BASHIR BASHIR: Politikwissenschaftler; Außerordentlicher Professor im Fachbereich Soziologie, Politikwissenschaft und Kommunikation an der Open University of Israel und Senior Research Fellow am Van Leer Jerusalem Institute. Derzeit ist er Fellow am Wissenschaftskolleg zu Berlin. Zu seinen Forschungsinteressen zählen Nationalismus und Citizenship Studies, Liberalismus, Demokratietheorie, Dekolonisierung, Politiken der Versöhnung und Alternativen zur Teilung in Palästina/Israel.
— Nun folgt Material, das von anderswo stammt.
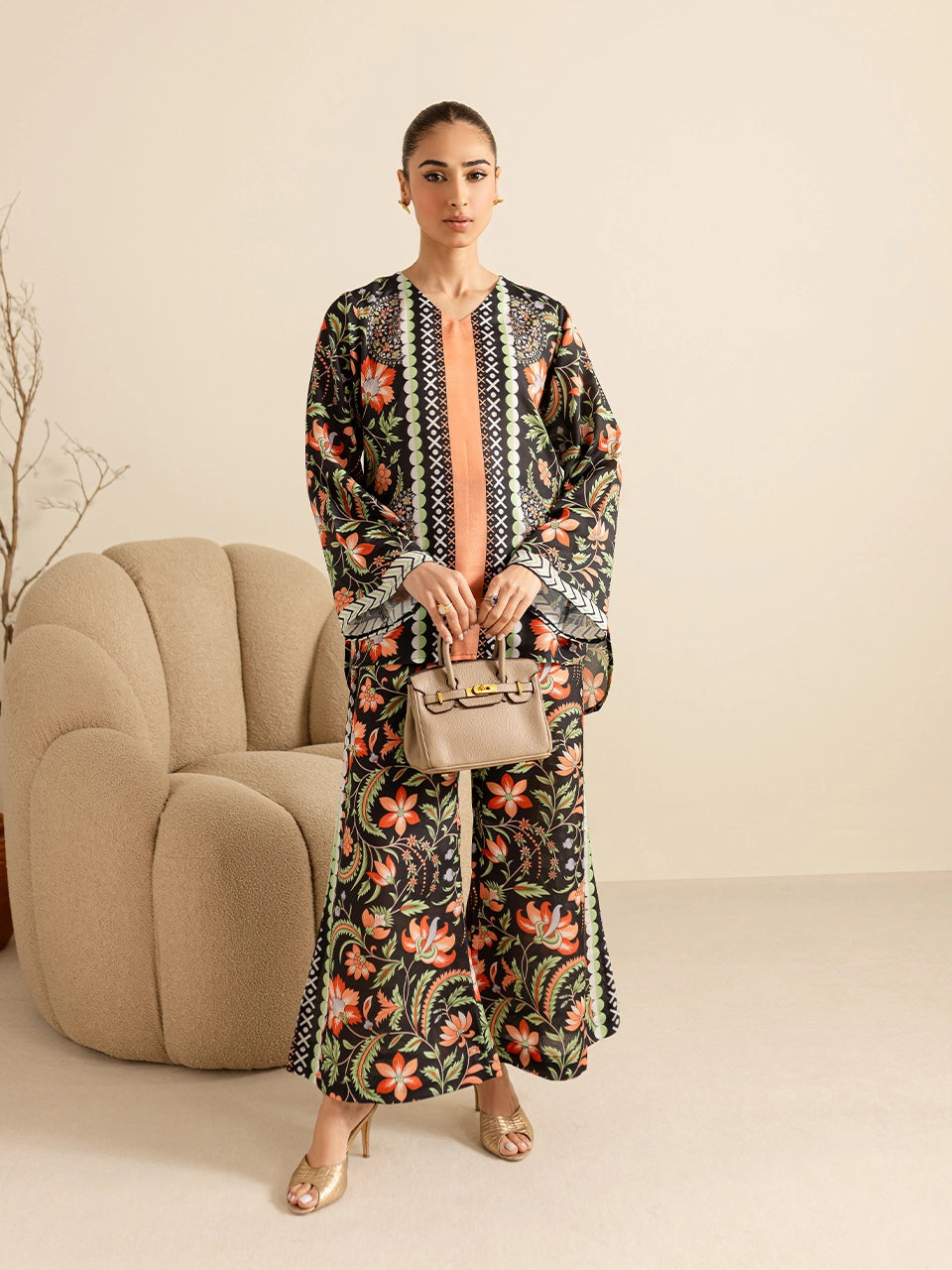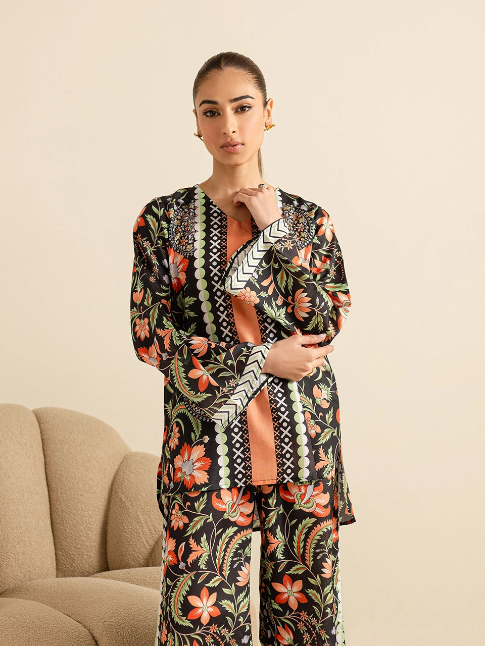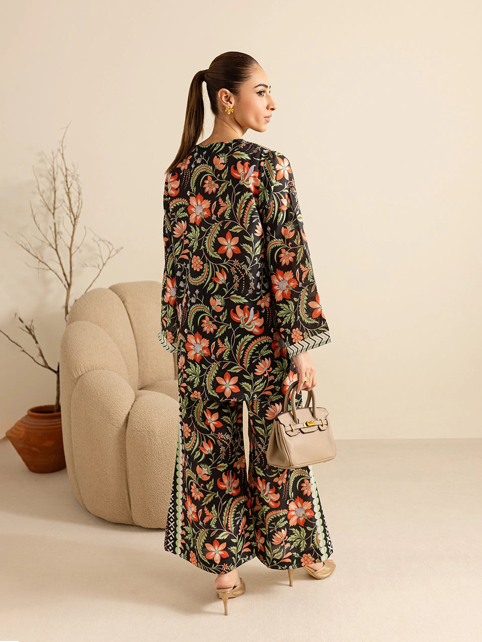 Description: Make a statement with this striking black coord set adorned with vibrant floral patterns. The bold design is balanced with a flowy cut and soft fabric, offering both comfort and a sense of elegance. Ideal for evening gatherings or festive celebrations, this outfit is a blend of modern style and timeless beauty.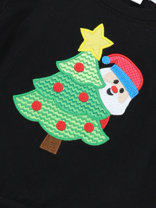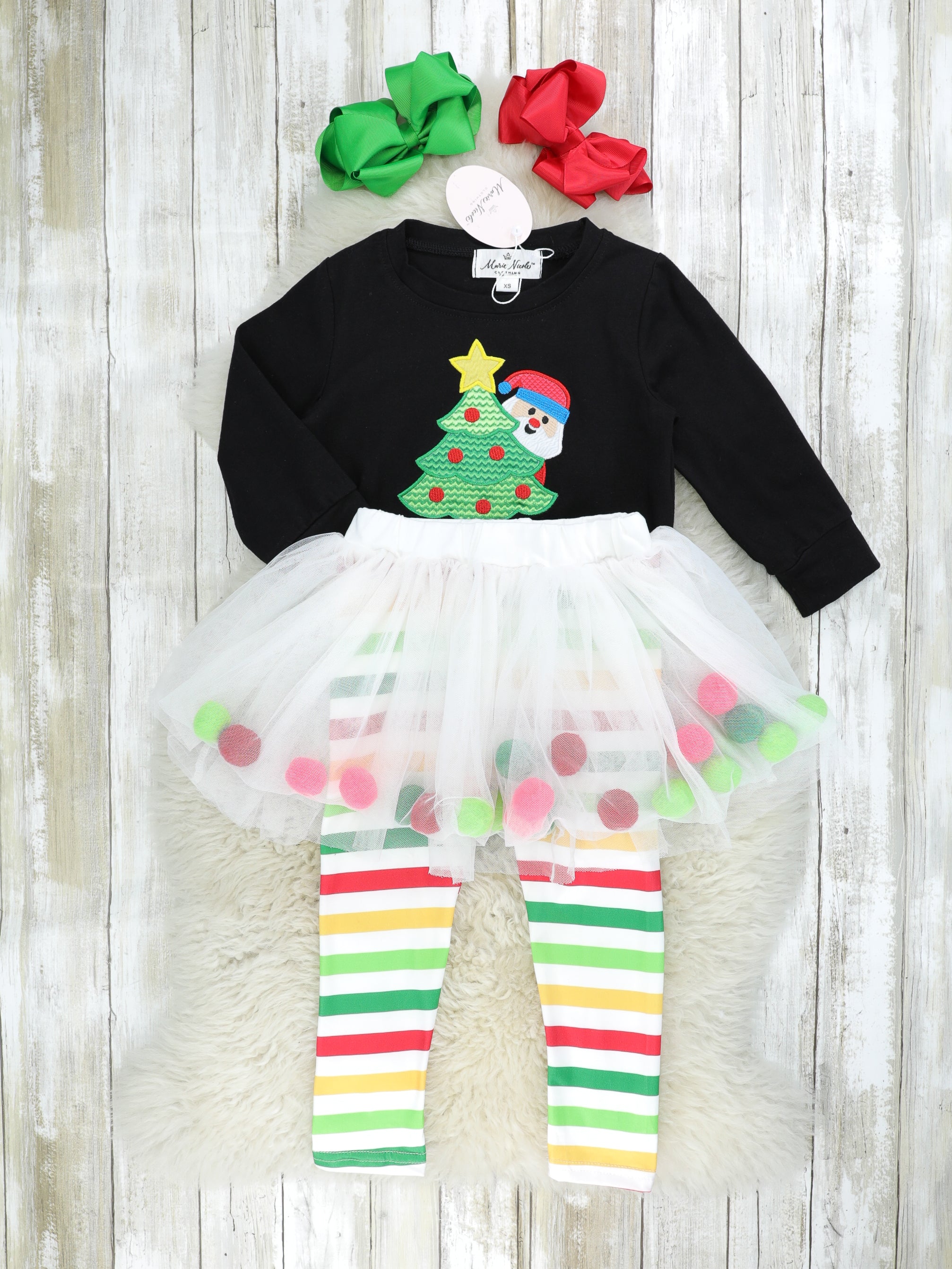 This gorgeous outfit is just TULLE CUTE! This outfit features a black top with a festive Christmas tree & Santa appliqué. The striped leggings feature a tulle skirt with pom pom details & an elastic waistband.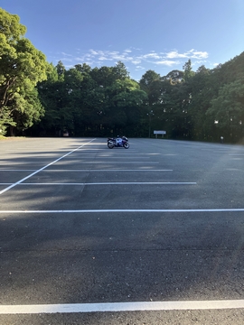 酷道パートを抜けて平地に。7時前に目的地の神社に到着です。広い駐車所、貸し切りです。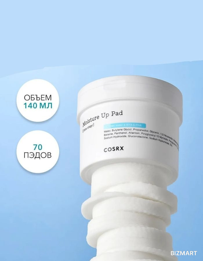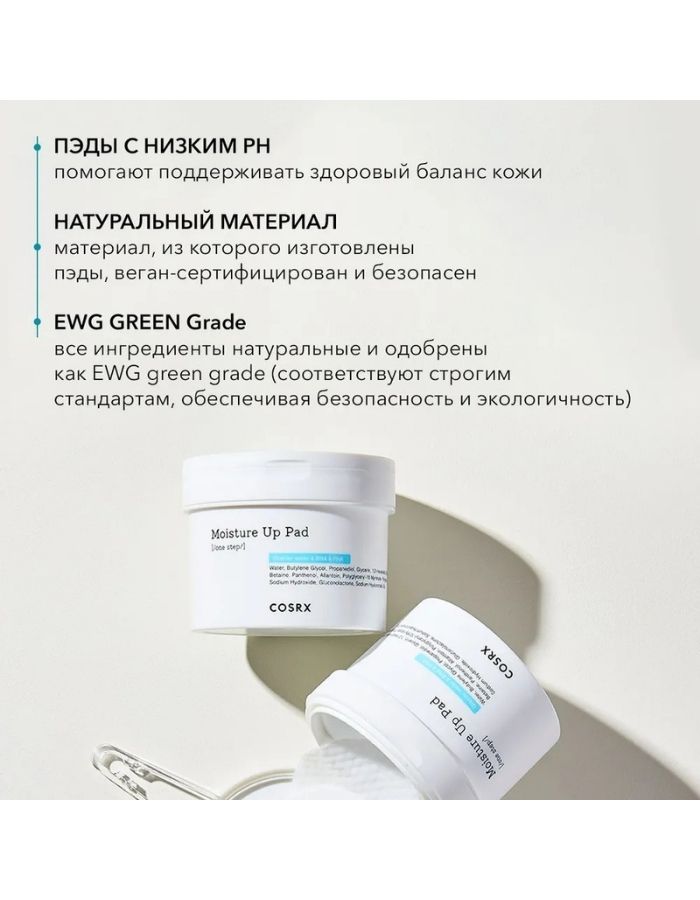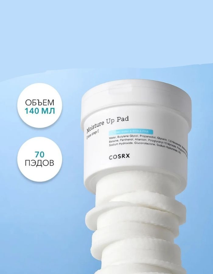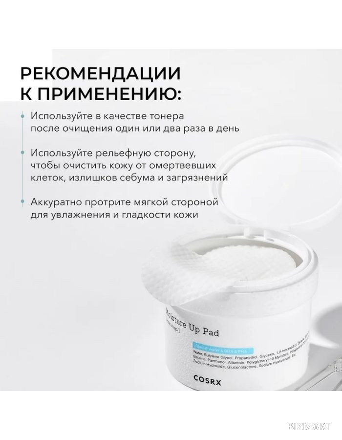 Обогащенные гиалуроновой кислотой, экстрактом прополиса и натуральной ВНА-кислотой, диски One Step Moisture Up Pad тщательно, но очень мягко, не вызывая раздражений, очищают кожу от загрязнений и кожного жира, удаляют мертвые клетки, выравнивают тон и текстуру кожи, успокаивают раздражения и воспаления, заметно улучшают цвет лица, прекрасно балансируют и увлажняют кожу, способствуя лучшему проникновению активных веществ вглубь кожи и созданию идеального макияжа. Способ применения: После очищения мягко протрите кожу, избегая область вокруг глаз, диском стороной с тисненой поверхностью (embossed side) для того, чтобы очистить кожу от мертвых клеток, остатков загрязнений и излишков себума. Затем протрите кожу мягкой стороной диска (soft side). Объем: 70 шт.

Er ist Mitherausgeber von »The Holocaust and Nakba: A New Grammar of Trauma and History« [2018] und »The Arab and Jewish Questions: Geographies of Engagement in Palestine and Beyond« [2020].
THOMAS MEYER: Philosoph; Außerplanmäßiger Professor an der Ludwig-Maximilians-Universität München. Seine Forschungsschwerpunkte bilden die Ideen- und Philosophiegeschichte der griechischen Antike und des 20. Jahrhunderts mit einem Fokus auf Geschichts-, Kultur- und politischer Philosophie. Er ist Herausgeber der Werke Hannah Arendts im Piper Verlag und edierte 2024 in »Über Palästina« zwei bisher unbekannte Texte von und mit Arendt zum Thema. Zudem erschien 2023 seine vielbeachtete Biographie Hannah Arendts. Meyer veröffentlichte darüber hinaus zahlreiche Bücher, Aufsätze, Radio-Essays und Zeitungsartikel zur Ideengeschichte des 20. Jahrhunderts.